# Source information
===
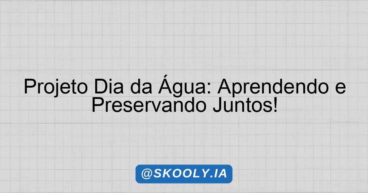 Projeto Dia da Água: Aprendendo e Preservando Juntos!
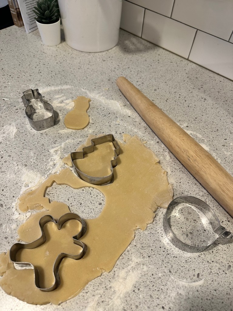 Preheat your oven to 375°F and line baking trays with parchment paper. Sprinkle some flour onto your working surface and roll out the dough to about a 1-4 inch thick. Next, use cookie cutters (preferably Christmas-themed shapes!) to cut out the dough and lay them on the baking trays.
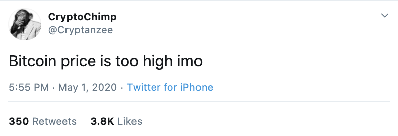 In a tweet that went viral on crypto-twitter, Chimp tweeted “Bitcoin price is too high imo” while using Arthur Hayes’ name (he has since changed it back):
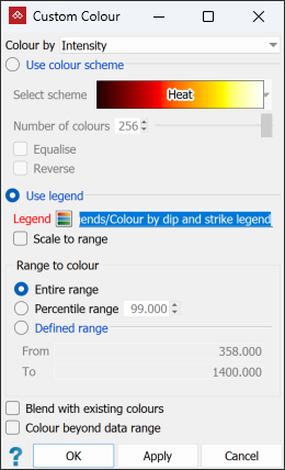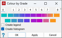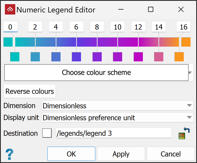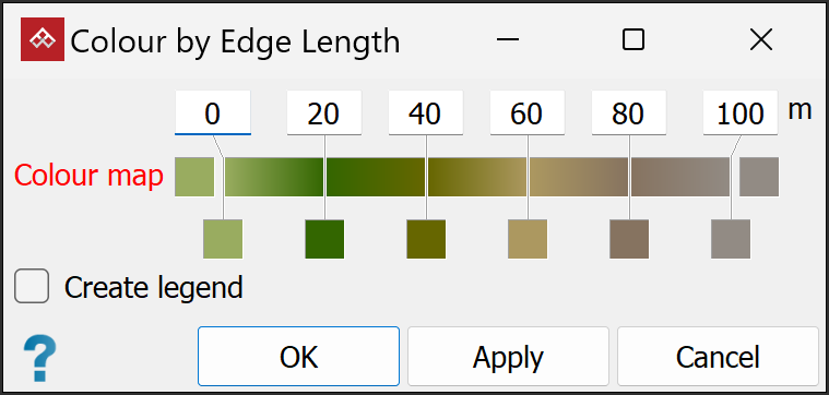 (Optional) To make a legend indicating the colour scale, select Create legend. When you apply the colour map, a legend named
===
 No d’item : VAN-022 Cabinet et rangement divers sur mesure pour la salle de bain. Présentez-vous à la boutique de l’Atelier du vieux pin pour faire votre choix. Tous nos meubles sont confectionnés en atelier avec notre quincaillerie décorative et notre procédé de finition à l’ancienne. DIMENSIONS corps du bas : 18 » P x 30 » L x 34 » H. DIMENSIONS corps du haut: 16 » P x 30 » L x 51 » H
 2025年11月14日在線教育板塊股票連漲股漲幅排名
===
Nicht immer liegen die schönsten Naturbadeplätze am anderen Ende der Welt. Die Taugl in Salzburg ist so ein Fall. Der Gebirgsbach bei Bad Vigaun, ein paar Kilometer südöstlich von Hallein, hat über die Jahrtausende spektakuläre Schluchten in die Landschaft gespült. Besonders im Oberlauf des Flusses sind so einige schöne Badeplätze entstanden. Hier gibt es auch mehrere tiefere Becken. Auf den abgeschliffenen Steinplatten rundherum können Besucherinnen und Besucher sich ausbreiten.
===
# Problem details
Both the line containing "Projeto Dia da" and the line containing "In a tweet that" above belong in the output, as do the lines between them. Print them exactly, without pictures.

# Response to the exercise
 Projeto Dia da Água: Aprendendo e Preservando Juntos!
 Preheat your oven to 375°F and line baking trays with parchment paper. Sprinkle some flour onto your working surface and roll out the dough to about a 1-4 inch thick. Next, use cookie cutters (preferably Christmas-themed shapes!) to cut out the dough and lay them on the baking trays.
 In a tweet that went viral on crypto-twitter, Chimp tweeted “Bitcoin price is too high imo” while using Arthur Hayes’ name (he has since changed it back):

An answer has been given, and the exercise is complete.